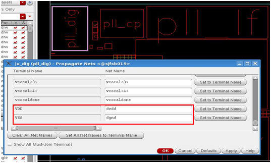 - Propagate the power and ground nets on the digital cell instTerms as per the top-level nets. The top-level net is connected with the instTerms so that the push command can identify which net to create at the lower level for the top-level power or ground nets.
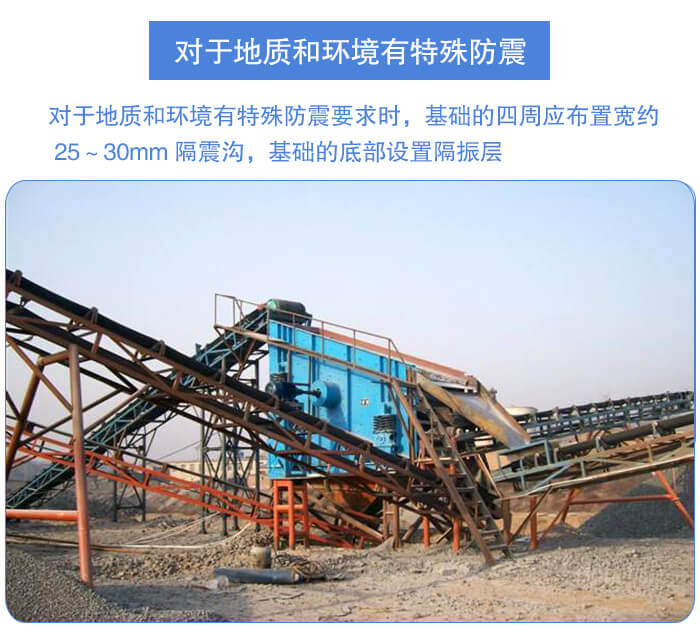 對(duì)于地質(zhì)和環(huán)境有特殊防震要求時(shí),基礎(chǔ)的四周應(yīng)布置寬約 25~30mm 隔震溝,基礎(chǔ)的底部設(shè)置隔振層,基礎(chǔ)底部夯實(shí)之后,用水泥、煤渣、瀝青鋪設(shè)厚度約 200mm,在此隔振層上再澆灌混凝土。
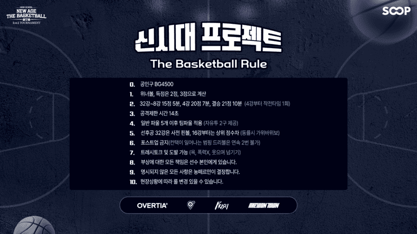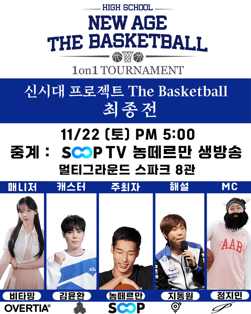 ‘신시대 프로젝트 THE BASKETBALL’을 표방하는 하이스쿨 뉴에이지 더 바스켓볼은 이미 지난 14일 지원자 모집을 마감했으며, 22일 오후 5시 멀티그라운드스파크 8관에서 열리는 최종전 만을 남겨두고 있다. 총 216명이 지원한 가운데 1차 온라인 예선에는 160명이 통과했고, 그리고 마지막 최종전에서 32명의 참가자가 추려졌다.
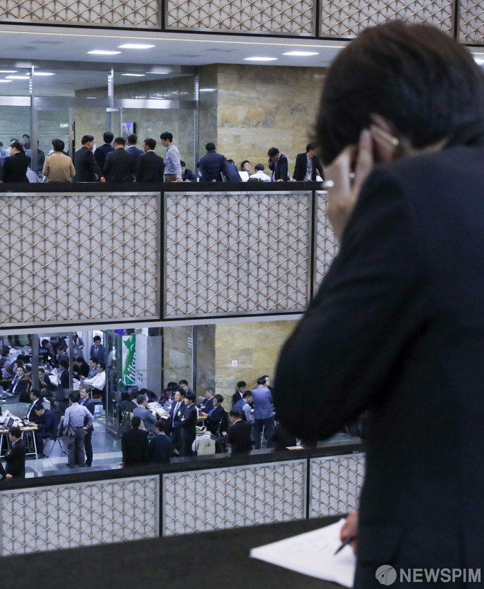 [서울=뉴스핌] 최상수 기자 = 종합 국정감사가 진행되는 26일 국회에서 피감사기관 공무원들이 의원들 질의에 대한 자료 등을 대비하고 있다. 2018.10.29 kilroy023@newspim.com
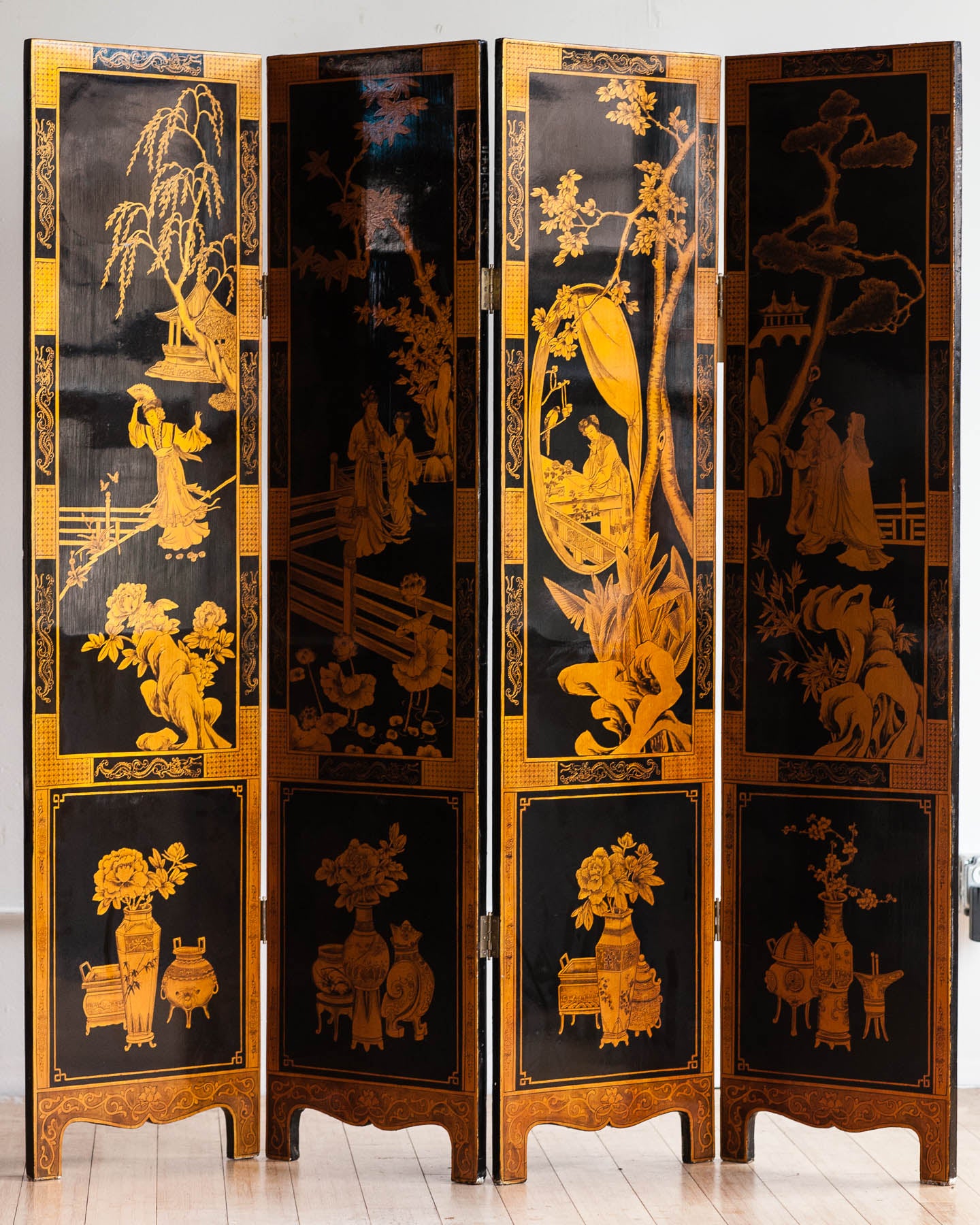 Japanese Four-Panel High-Gloss Lacquered Garden Scene Screen/Room Divider
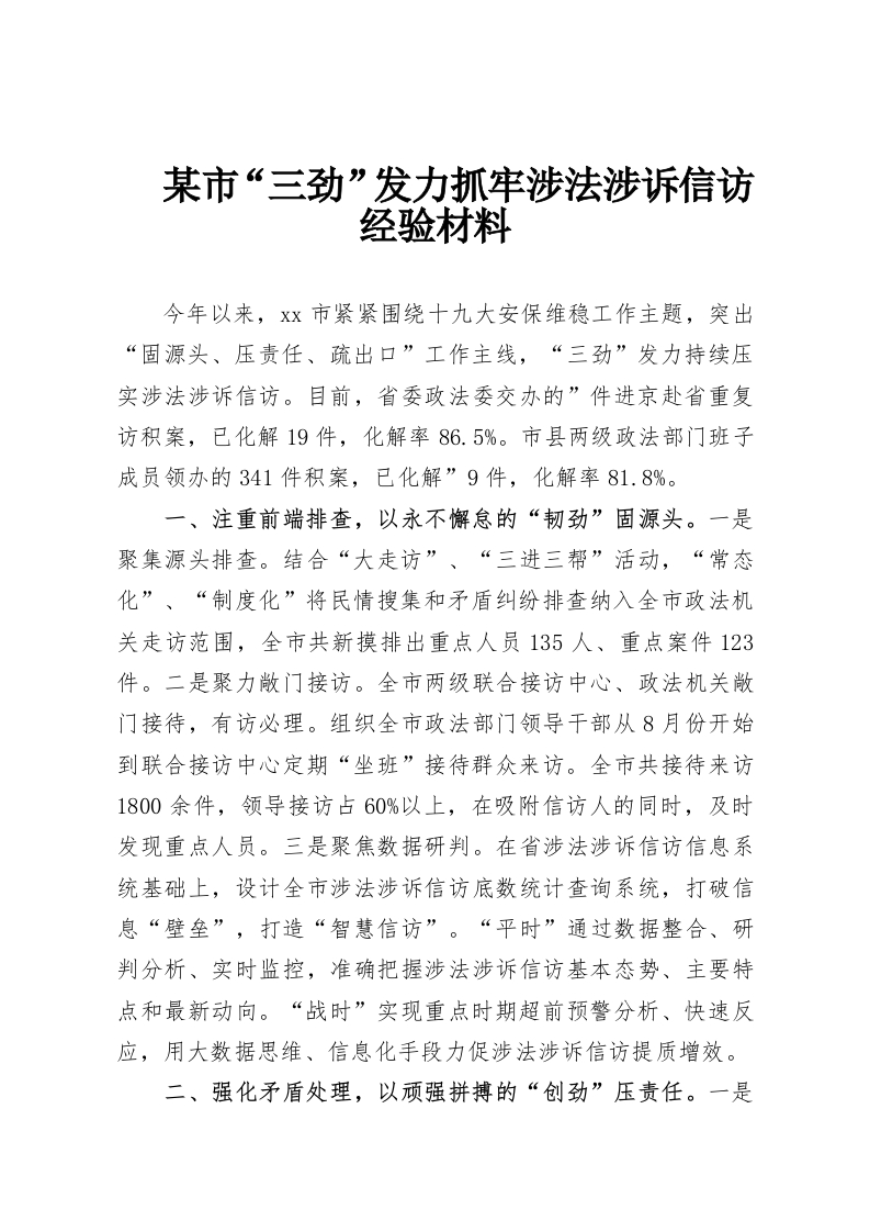 某市“三劲”发力抓牢涉法涉诉信访经验材料

Try it
In your copy, the listing above should appear word for word, with no images.

Written reply
 - Propagate the power and ground nets on the digital cell instTerms as per the top-level nets. The top-level net is connected with the instTerms so that the push command can identify which net to create at the lower level for the top-level power or ground nets.
 對(duì)于地質(zhì)和環(huán)境有特殊防震要求時(shí),基礎(chǔ)的四周應(yīng)布置寬約 25~30mm 隔震溝,基礎(chǔ)的底部設(shè)置隔振層,基礎(chǔ)底部夯實(shí)之后,用水泥、煤渣、瀝青鋪設(shè)厚度約 200mm,在此隔振層上再澆灌混凝土。
 ‘신시대 프로젝트 THE BASKETBALL’을 표방하는 하이스쿨 뉴에이지 더 바스켓볼은 이미 지난 14일 지원자 모집을 마감했으며, 22일 오후 5시 멀티그라운드스파크 8관에서 열리는 최종전 만을 남겨두고 있다. 총 216명이 지원한 가운데 1차 온라인 예선에는 160명이 통과했고, 그리고 마지막 최종전에서 32명의 참가자가 추려졌다.
 [서울=뉴스핌] 최상수 기자 = 종합 국정감사가 진행되는 26일 국회에서 피감사기관 공무원들이 의원들 질의에 대한 자료 등을 대비하고 있다. 2018.10.29 kilroy023@newspim.com
 Japanese Four-Panel High-Gloss Lacquered Garden Scene Screen/Room Divider
 某市“三劲”发力抓牢涉法涉诉信访经验材料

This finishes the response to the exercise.